Exercise description - Pictures don't belong in the copy; print all the records exactly.

Study material -
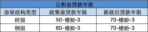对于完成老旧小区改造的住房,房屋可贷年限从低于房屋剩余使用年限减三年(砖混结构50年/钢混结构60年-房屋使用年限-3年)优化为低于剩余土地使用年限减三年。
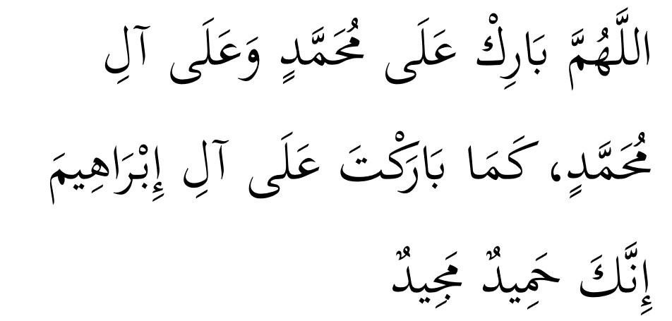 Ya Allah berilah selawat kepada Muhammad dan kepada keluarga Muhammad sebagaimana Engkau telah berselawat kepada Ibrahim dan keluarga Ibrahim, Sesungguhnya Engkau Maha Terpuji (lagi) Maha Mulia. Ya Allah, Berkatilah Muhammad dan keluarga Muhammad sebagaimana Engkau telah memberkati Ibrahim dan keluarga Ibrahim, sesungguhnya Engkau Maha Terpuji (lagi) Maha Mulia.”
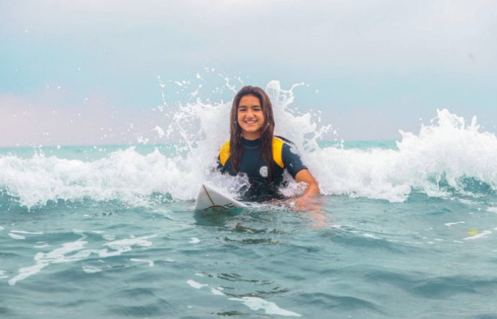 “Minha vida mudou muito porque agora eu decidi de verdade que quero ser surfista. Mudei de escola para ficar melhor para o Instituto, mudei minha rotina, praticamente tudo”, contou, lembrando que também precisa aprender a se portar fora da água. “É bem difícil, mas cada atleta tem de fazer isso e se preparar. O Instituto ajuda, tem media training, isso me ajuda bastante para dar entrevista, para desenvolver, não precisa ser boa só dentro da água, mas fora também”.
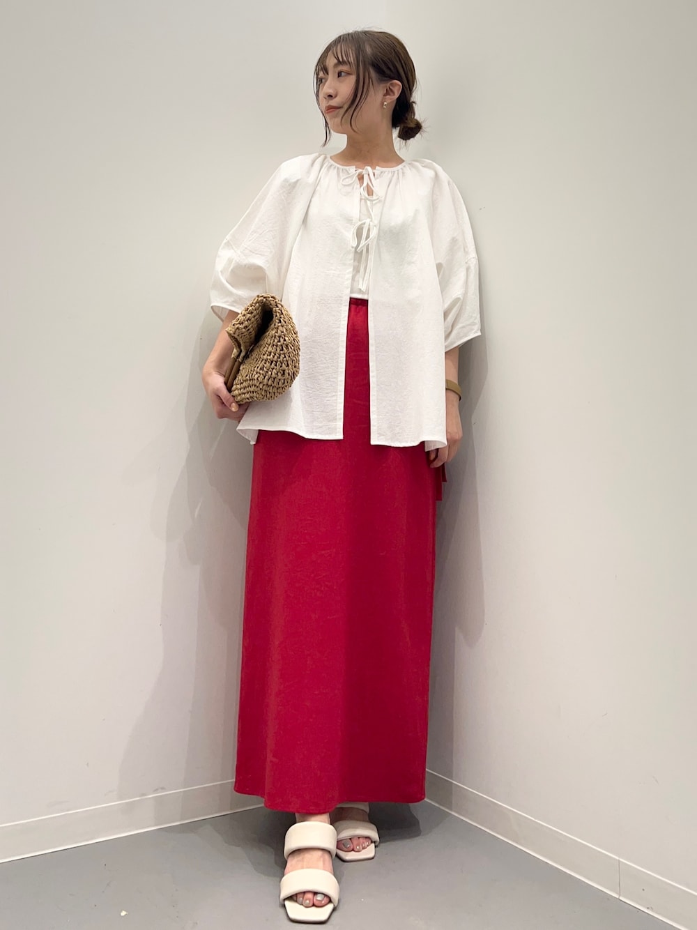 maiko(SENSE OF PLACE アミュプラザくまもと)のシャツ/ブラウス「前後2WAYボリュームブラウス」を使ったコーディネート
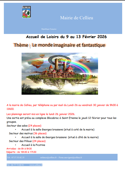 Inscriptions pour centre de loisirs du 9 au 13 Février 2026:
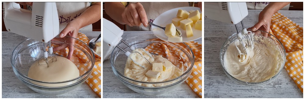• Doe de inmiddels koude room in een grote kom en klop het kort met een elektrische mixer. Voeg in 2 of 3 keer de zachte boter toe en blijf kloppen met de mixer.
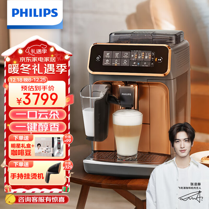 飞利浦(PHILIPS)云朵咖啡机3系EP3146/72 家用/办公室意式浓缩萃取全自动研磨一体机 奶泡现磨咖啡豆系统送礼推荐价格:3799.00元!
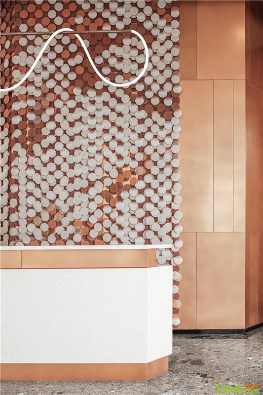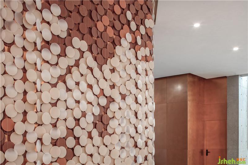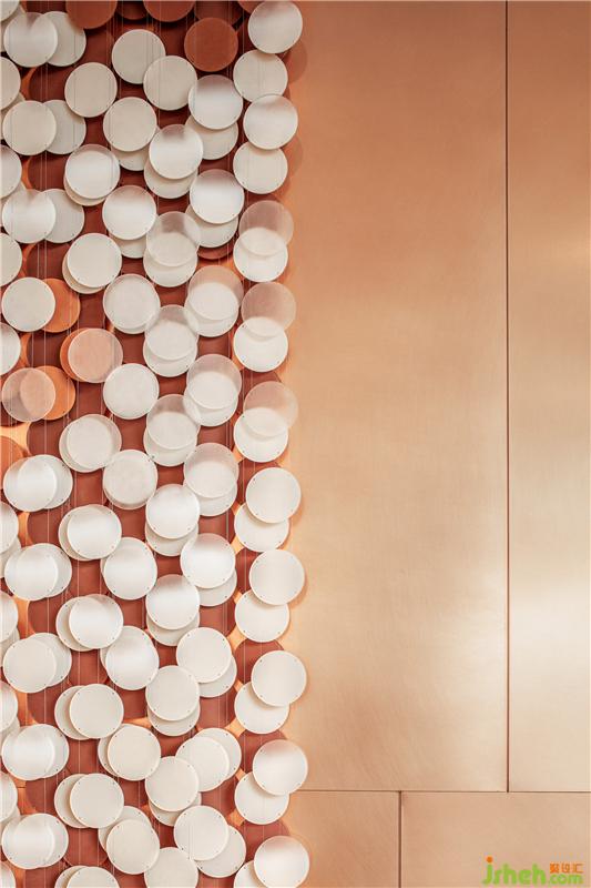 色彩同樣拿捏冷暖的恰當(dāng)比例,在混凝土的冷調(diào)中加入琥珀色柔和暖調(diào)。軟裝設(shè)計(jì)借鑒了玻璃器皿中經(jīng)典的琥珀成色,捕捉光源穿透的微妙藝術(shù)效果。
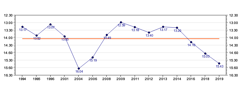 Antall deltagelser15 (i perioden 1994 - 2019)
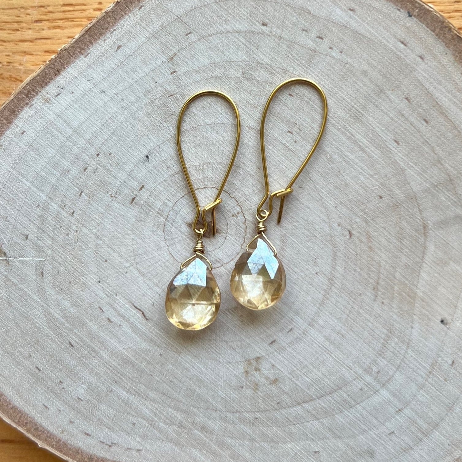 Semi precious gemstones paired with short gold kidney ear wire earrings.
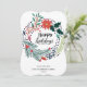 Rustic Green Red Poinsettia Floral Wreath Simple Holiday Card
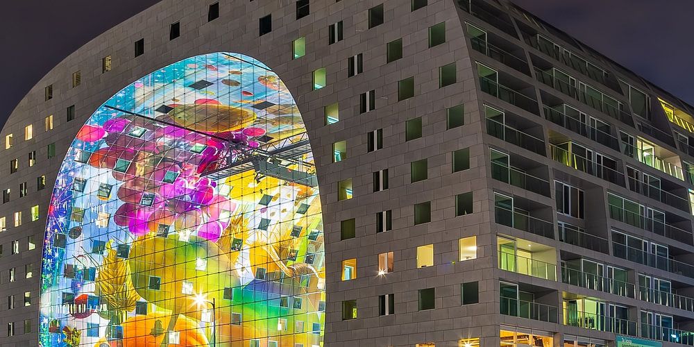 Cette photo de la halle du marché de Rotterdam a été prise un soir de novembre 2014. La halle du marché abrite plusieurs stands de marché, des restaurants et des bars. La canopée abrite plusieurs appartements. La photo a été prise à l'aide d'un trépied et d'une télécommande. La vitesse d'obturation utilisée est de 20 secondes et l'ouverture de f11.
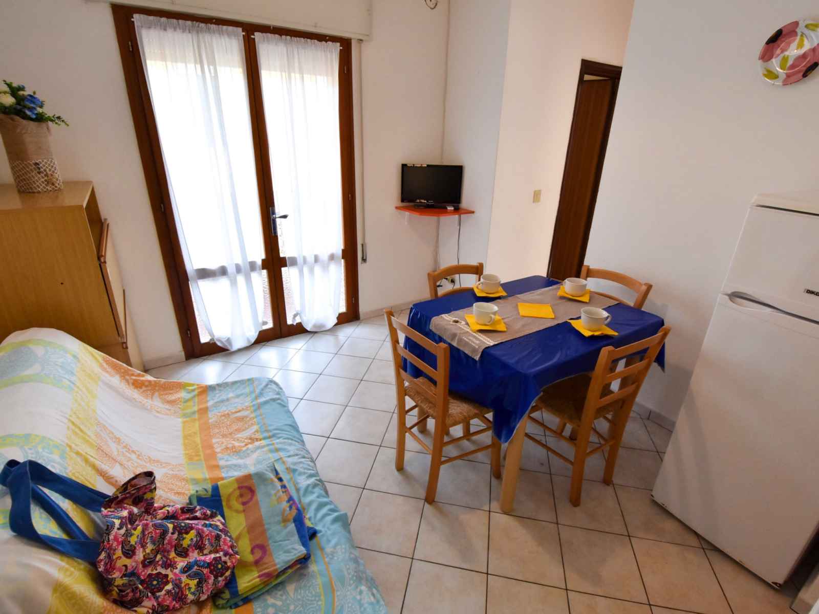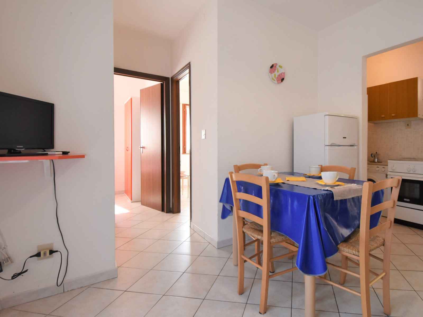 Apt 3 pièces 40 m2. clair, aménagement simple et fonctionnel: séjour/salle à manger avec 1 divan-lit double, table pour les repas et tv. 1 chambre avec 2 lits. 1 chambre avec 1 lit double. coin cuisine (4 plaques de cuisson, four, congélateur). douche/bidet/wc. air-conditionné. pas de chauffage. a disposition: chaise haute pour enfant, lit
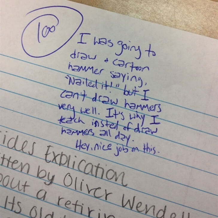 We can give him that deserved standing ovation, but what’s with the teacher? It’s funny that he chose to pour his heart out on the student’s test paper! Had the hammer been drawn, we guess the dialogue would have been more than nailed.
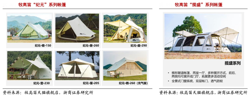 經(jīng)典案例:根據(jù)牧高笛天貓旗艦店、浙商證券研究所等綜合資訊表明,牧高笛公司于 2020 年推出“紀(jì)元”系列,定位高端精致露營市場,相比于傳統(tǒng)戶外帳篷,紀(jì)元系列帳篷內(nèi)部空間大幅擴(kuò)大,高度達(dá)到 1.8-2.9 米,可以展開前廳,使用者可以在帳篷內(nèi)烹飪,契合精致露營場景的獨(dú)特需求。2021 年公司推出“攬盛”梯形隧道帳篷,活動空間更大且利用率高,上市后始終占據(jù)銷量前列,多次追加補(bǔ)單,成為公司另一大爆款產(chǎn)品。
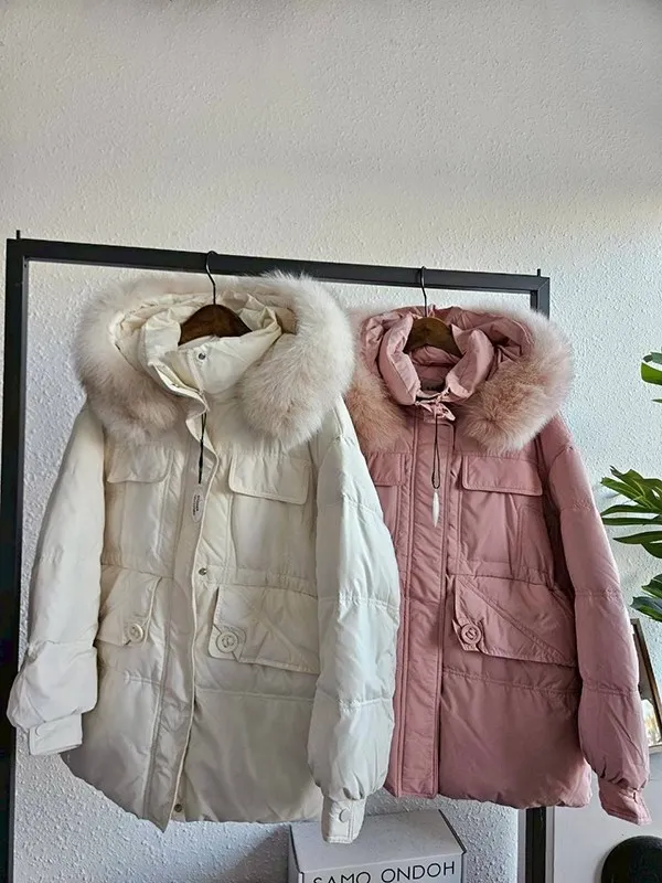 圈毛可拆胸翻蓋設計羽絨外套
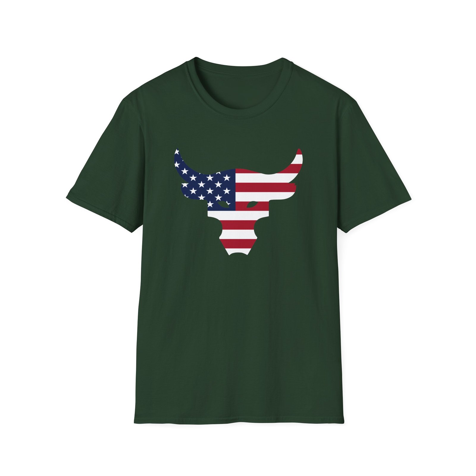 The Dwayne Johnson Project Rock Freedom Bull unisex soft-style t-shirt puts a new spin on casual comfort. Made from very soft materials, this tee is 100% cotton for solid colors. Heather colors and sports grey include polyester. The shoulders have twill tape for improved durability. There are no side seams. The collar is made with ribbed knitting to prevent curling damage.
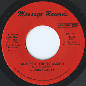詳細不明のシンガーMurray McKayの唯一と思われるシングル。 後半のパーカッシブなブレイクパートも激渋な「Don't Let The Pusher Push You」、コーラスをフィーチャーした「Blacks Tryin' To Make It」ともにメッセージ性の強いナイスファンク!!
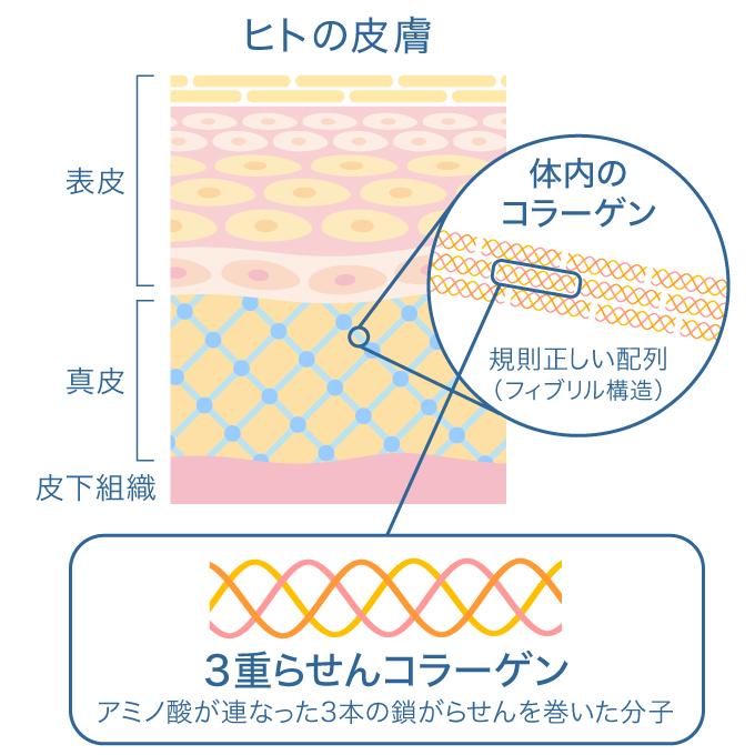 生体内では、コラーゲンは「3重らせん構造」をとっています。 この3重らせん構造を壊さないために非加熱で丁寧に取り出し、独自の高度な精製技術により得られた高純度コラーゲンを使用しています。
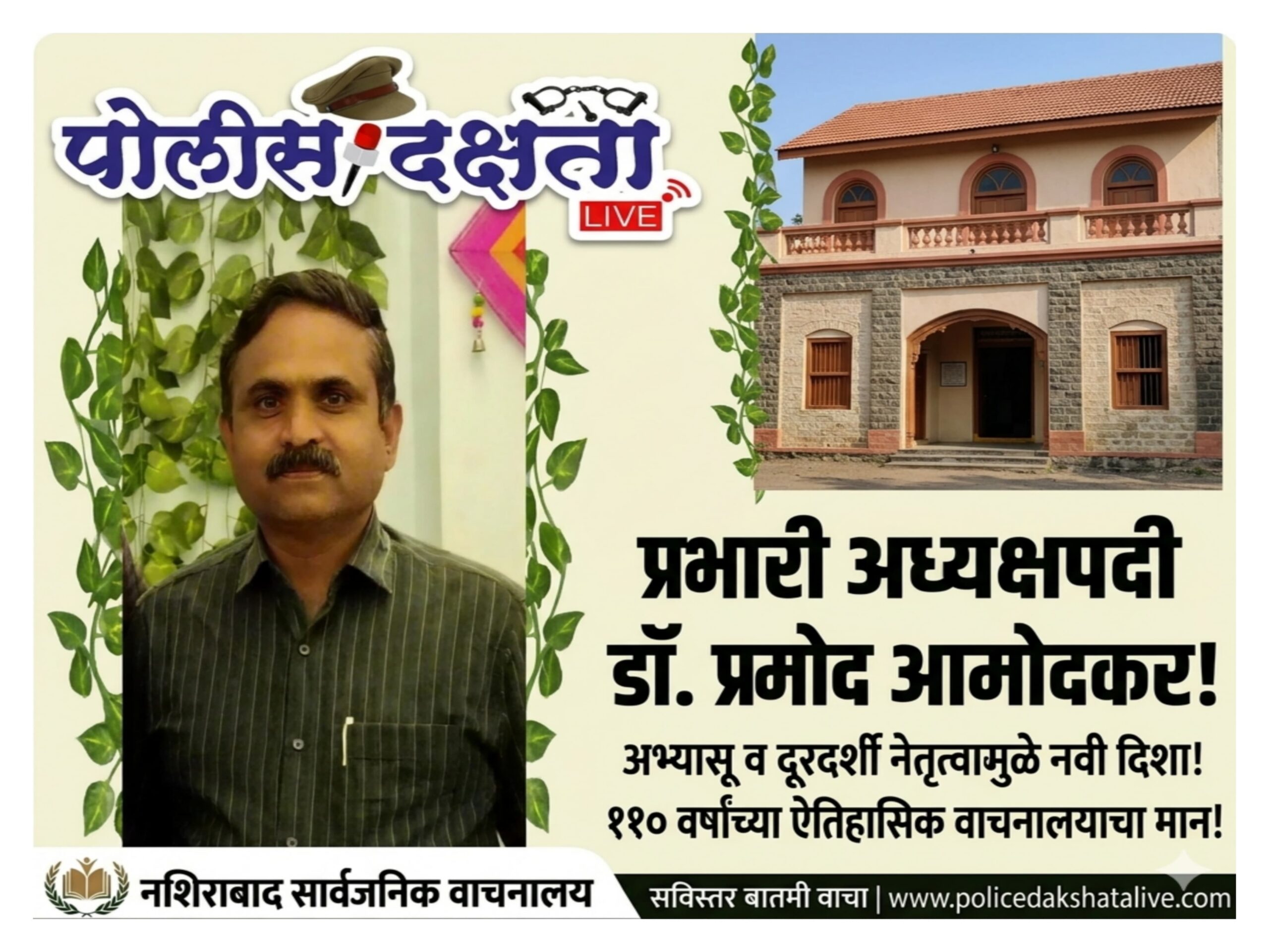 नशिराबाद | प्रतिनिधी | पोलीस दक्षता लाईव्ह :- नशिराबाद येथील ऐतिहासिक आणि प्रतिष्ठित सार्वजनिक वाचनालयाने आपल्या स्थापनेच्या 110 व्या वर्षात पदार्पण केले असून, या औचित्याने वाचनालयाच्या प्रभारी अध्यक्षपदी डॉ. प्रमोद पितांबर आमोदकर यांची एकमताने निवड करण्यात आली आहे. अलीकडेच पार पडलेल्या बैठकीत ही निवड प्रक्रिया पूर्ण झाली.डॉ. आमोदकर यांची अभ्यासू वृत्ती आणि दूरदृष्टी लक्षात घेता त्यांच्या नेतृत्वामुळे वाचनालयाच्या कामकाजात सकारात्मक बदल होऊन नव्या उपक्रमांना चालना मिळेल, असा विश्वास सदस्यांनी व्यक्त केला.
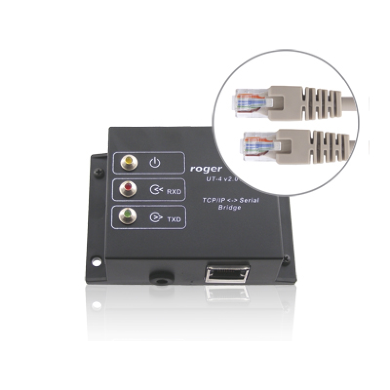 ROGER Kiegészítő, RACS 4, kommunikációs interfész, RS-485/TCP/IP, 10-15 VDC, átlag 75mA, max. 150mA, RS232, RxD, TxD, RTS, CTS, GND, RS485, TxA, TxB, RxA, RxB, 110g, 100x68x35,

Answer box -
对于完成老旧小区改造的住房,房屋可贷年限从低于房屋剩余使用年限减三年(砖混结构50年/钢混结构60年-房屋使用年限-3年)优化为低于剩余土地使用年限减三年。
 Ya Allah berilah selawat kepada Muhammad dan kepada keluarga Muhammad sebagaimana Engkau telah berselawat kepada Ibrahim dan keluarga Ibrahim, Sesungguhnya Engkau Maha Terpuji (lagi) Maha Mulia. Ya Allah, Berkatilah Muhammad dan keluarga Muhammad sebagaimana Engkau telah memberkati Ibrahim dan keluarga Ibrahim, sesungguhnya Engkau Maha Terpuji (lagi) Maha Mulia.”
 “Minha vida mudou muito porque agora eu decidi de verdade que quero ser surfista. Mudei de escola para ficar melhor para o Instituto, mudei minha rotina, praticamente tudo”, contou, lembrando que também precisa aprender a se portar fora da água. “É bem difícil, mas cada atleta tem de fazer isso e se preparar. O Instituto ajuda, tem media training, isso me ajuda bastante para dar entrevista, para desenvolver, não precisa ser boa só dentro da água, mas fora também”.
 maiko(SENSE OF PLACE アミュプラザくまもと)のシャツ/ブラウス「前後2WAYボリュームブラウス」を使ったコーディネート
 Inscriptions pour centre de loisirs du 9 au 13 Février 2026:
• Doe de inmiddels koude room in een grote kom en klop het kort met een elektrische mixer. Voeg in 2 of 3 keer de zachte boter toe en blijf kloppen met de mixer.
 飞利浦(PHILIPS)云朵咖啡机3系EP3146/72 家用/办公室意式浓缩萃取全自动研磨一体机 奶泡现磨咖啡豆系统送礼推荐价格:3799.00元!
 色彩同樣拿捏冷暖的恰當(dāng)比例,在混凝土的冷調(diào)中加入琥珀色柔和暖調(diào)。軟裝設(shè)計(jì)借鑒了玻璃器皿中經(jīng)典的琥珀成色,捕捉光源穿透的微妙藝術(shù)效果。
 Antall deltagelser15 (i perioden 1994 - 2019)
 Semi precious gemstones paired with short gold kidney ear wire earrings.
 Rustic Green Red Poinsettia Floral Wreath Simple Holiday Card
 Cette photo de la halle du marché de Rotterdam a été prise un soir de novembre 2014. La halle du marché abrite plusieurs stands de marché, des restaurants et des bars. La canopée abrite plusieurs appartements. La photo a été prise à l'aide d'un trépied et d'une télécommande. La vitesse d'obturation utilisée est de 20 secondes et l'ouverture de f11.
 Apt 3 pièces 40 m2. clair, aménagement simple et fonctionnel: séjour/salle à manger avec 1 divan-lit double, table pour les repas et tv. 1 chambre avec 2 lits. 1 chambre avec 1 lit double. coin cuisine (4 plaques de cuisson, four, congélateur). douche/bidet/wc. air-conditionné. pas de chauffage. a disposition: chaise haute pour enfant, lit
 We can give him that deserved standing ovation, but what’s with the teacher? It’s funny that he chose to pour his heart out on the student’s test paper! Had the hammer been drawn, we guess the dialogue would have been more than nailed.
 經(jīng)典案例:根據(jù)牧高笛天貓旗艦店、浙商證券研究所等綜合資訊表明,牧高笛公司于 2020 年推出“紀(jì)元”系列,定位高端精致露營市場,相比于傳統(tǒng)戶外帳篷,紀(jì)元系列帳篷內(nèi)部空間大幅擴(kuò)大,高度達(dá)到 1.8-2.9 米,可以展開前廳,使用者可以在帳篷內(nèi)烹飪,契合精致露營場景的獨(dú)特需求。2021 年公司推出“攬盛”梯形隧道帳篷,活動空間更大且利用率高,上市后始終占據(jù)銷量前列,多次追加補(bǔ)單,成為公司另一大爆款產(chǎn)品。
 圈毛可拆胸翻蓋設計羽絨外套
 The Dwayne Johnson Project Rock Freedom Bull unisex soft-style t-shirt puts a new spin on casual comfort. Made from very soft materials, this tee is 100% cotton for solid colors. Heather colors and sports grey include polyester. The shoulders have twill tape for improved durability. There are no side seams. The collar is made with ribbed knitting to prevent curling damage.
詳細不明のシンガーMurray McKayの唯一と思われるシングル。 後半のパーカッシブなブレイクパートも激渋な「Don't Let The Pusher Push You」、コーラスをフィーチャーした「Blacks Tryin' To Make It」ともにメッセージ性の強いナイスファンク!!
 生体内では、コラーゲンは「3重らせん構造」をとっています。 この3重らせん構造を壊さないために非加熱で丁寧に取り出し、独自の高度な精製技術により得られた高純度コラーゲンを使用しています。
 नशिराबाद | प्रतिनिधी | पोलीस दक्षता लाईव्ह :- नशिराबाद येथील ऐतिहासिक आणि प्रतिष्ठित सार्वजनिक वाचनालयाने आपल्या स्थापनेच्या 110 व्या वर्षात पदार्पण केले असून, या औचित्याने वाचनालयाच्या प्रभारी अध्यक्षपदी डॉ. प्रमोद पितांबर आमोदकर यांची एकमताने निवड करण्यात आली आहे. अलीकडेच पार पडलेल्या बैठकीत ही निवड प्रक्रिया पूर्ण झाली.डॉ. आमोदकर यांची अभ्यासू वृत्ती आणि दूरदृष्टी लक्षात घेता त्यांच्या नेतृत्वामुळे वाचनालयाच्या कामकाजात सकारात्मक बदल होऊन नव्या उपक्रमांना चालना मिळेल, असा विश्वास सदस्यांनी व्यक्त केला.
 ROGER Kiegészítő, RACS 4, kommunikációs interfész, RS-485/TCP/IP, 10-15 VDC, átlag 75mA, max. 150mA, RS232, RxD, TxD, RTS, CTS, GND, RS485, TxA, TxB, RxA, RxB, 110g, 100x68x35,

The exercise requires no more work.